After a thousand years, a little town called Tramonti makes it to New York

Some of the best seafood in the world comes from the Amalfi coast: abutting the Tyrrhenian Sea, it's no surprise that its little pressed anchovies and lushly marinated lobster find their way into the pasta. But just a few miles up in the mountains is the small commune of Tramonti, a place that's never heard of all these things that you can do with fish and alfredo sauce. Its pleasures are ground instead, in its elevated earth: grain pressed and rolled into dunderi pasta, one of the world's oldest pasta recipes and a culinary precursor to this decade's grocery story store staple gnocchi. Its enriched soil also gave birth to fiascone tomatoes, a variety that eventually were cultivated to become the San Marzano tomatoes that powered the past century of Italian cuisine around the world. Other, more adventitious, curiosities have stayed inside the village ground for centuries: melanzane al cioccolato, a desert of fried eggplant, layered in the richest and darkest of chocolates.


It's an idiosyncratic culinary tradition, the kind of thing that exists in its particular organization for a few miles but is completely unheard in the nearest city.
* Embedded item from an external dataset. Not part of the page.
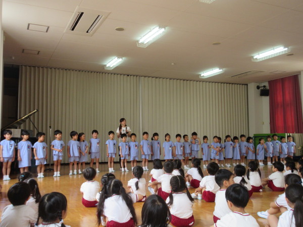 6月のお誕生日のお友達が前に並び、みんなで名前を呼んで紹介をしました。

And now, its in New York. Luca Dombre, born into three generations of restauranteering in Tramonti himself, came to New York like many an émigré, wanting to express his culinary muscles where New York Times critics could find them; landing a top position in the kitchens at Mezzaluna, the Upper East Side trattoria that, per the Times, "set off a restaurant revolution in the United States and beyond." But Dombre wanted to launch his own revolution, one that brought the culinary tradition in which he grew up into the fray of Neapolitan and Florentine delicacies making the city's fashionable rounds.

"When you come here, we want you to feel like you're in our home," Dombre told me when I visited Tramonti, the pizzeria ristorante in the East Village that he runs with his cousin, Giovanni Tagliafierro. It's new, barely a few months old and, when I stopped by, they were still fighting for a liqueur license. But it's a place that already feels cozy, a nook on the side of a busy avenue, St. Marks Place, where drunks compete with gentrifiers for breathing space or morning brunch. Tramonti offers both: small tables that line up to the restaurant's large oven and an accommodating brunch menu.
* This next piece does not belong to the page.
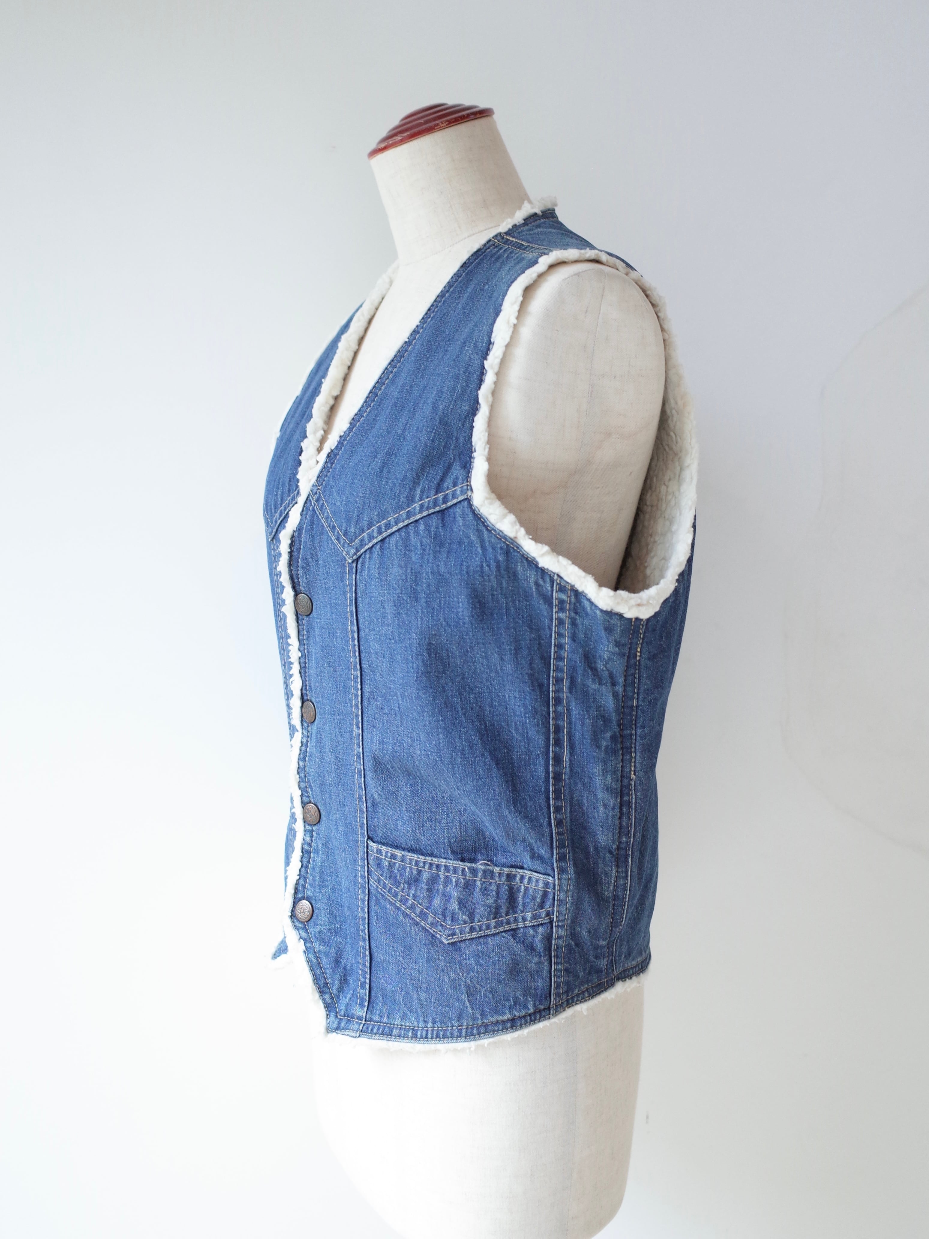 Reversible denim boa vest

But regular day customers will find a menu rich with offerings fresh from the steep hills of Domre's Italian home. A list of pizzas that Dombre calls "the untouchables"; the recipes have been handed down to him from his grandfather and he will adhere to them. Calzones made Tramonti style, pumped with hot soppressata and black pepper. But the real offerings come on the special menu, the kind you might be offered if you come by on the right day. There's the dunderi, of course: a rare specialty even in the culinary jackpot that is Manhattan. Backed in fiascone tomato sauce, expensively imported from the Amalfi coast. But the real specialty, trust me on this one, is the chocolate eggplant: rich like no cheesecake you've ever had and with a texture that's almost cakelike but not quite. It's heavy, it's chewy like the most delicious spongecake but heavy like five bricks of dark chocolate. Thank God it made it to New York.